A rather ridiculous event sprung up across the news weekend. Two metalhead brothers and prospective students were attending a college tour at Colorado State University. An overly concerned mother on the tour called the police stating the pair made her “nervous” for wearing black clothing with “Their clothing has dark stuff on it – like, their face… Just, uh, weird symbolism or wording on it…One of them has their left hand in his oversized sweatshirt the whole time.” The entire call can be heard over on local Colorado news source KUNC. In reality, they were just kids wearing Cattle Decapitation and Archspire merch respectively.
As a result, the two were pulled aside to be questioned and searched by the police.
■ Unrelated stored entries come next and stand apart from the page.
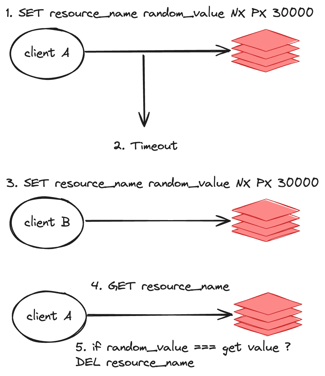 따라서, 아래와 같이 client A 가 생성시 넘겨준 random_value 가 lock key에 저장된 값과 같은지 확인해야한다. 일반적인 경우, random_value 는 timestamp 를 기준으로 설정하면 문제가 없으나 중복되는 경우에는
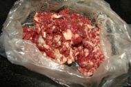 2肥肉切成簿片,用生粉,生抽盐油糖腌好。(这是老板帮手切的,他的刀法好,牛肉如纸一样的簿)自己可以省下这活儿。
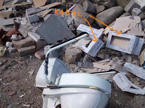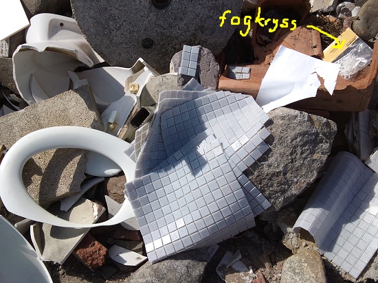 Här finns ny mosaik med tillhörande fogkryss i obruten förpackning; det är väl någon som insåg sin begränsning…
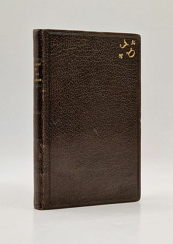 Paris, Gruel et Engelmann, 1882 ; in-16 relié plein maroquin brun, dos lisse signé en pied « Gruel », initiales dorées « J. D. » en angle sur le premier plat, tranches dorées, papier de garde aux initiales de Gruel et Engelmann, frontispice gravé, toutes pages encadrées de rouge, 277-(2) pp. Accompagné d'un coffret cartonné et toilé brun, récemment conçu sur mesure, et de son emboîtage d'origine.
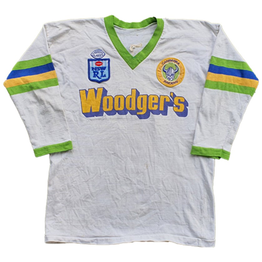 Manufactured by peerless, the jersey also displayed the rare NSWRFL logo which only existed for 3 seasons and original Canberra Raiders logos. The Major sponsor logo, Woodgers was displayed in a yellow and blue font, which was different to the home jersey logo.
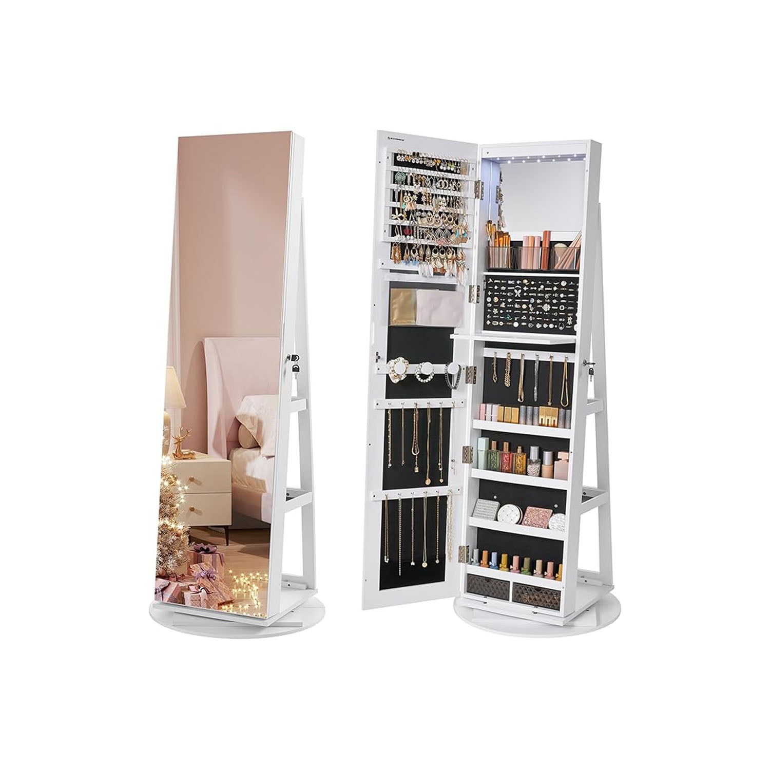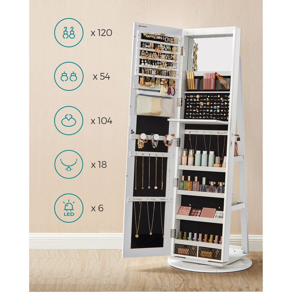 Armoire à bijoux avec 6 LED sur pieds

This can be seen through the body cam footage released by Colorado State University below.
Apparently, the two drove 7 hours for the tour and missed it due to this incident and ended up driving 7 hours back.
To their credit, Colorado State University has said, “This incident is sad and frustrating from nearly every angle, particularly the experience of two students who were here to see if this was a good fit for them as an institution”. They’re also looking to reimburse the two for any travel expenses.
Cattle Decapitation commented on the event saying, “WEAK. Thomas Kanewakeron Gray and Skanahwati Lloyd Gray you get free guest list spots to our shows for life.”
Likewise, Archspire commented by saying, “The fundamental weight of this story should focus more heavily on calling out the individual that committed this bigotry and less attention on how the college compensated the victims.
Attempting to switch the gears of this conversation from what’s important to how gracious this college was for coming to immediate action is quite simply a misdirection.
Let’s focus less on how “gracious” the college was for quickly remedying this very common discriminatory occurrence and focus more on how we can help solve this recurring and problematic social ignorance.
I understand that with a lack of travel and/or a lack of diversity in your own day to day life experience, one might create a kind of social bubble where it becomes perpetually easier to disassociate yourself with cultures and styles of art simply because they contradict your own.
So, rather than focusing on these two young brothers who are not only deserving of but also entitled to both apology and compensation,
I invite the mother referenced in this article, along with her family, to come to our next show in Colorado, free of charge to observe first hand just how positive, accepting and overall uplifting the “threatening” lifestyle that these innocent brothers freely and publicly represent, actually is.
With any hope, seeing the unity and undeniable joy that’s brought into the lives of these young music and art enthusiasts, might change her bias opinion about who they really are at their core.”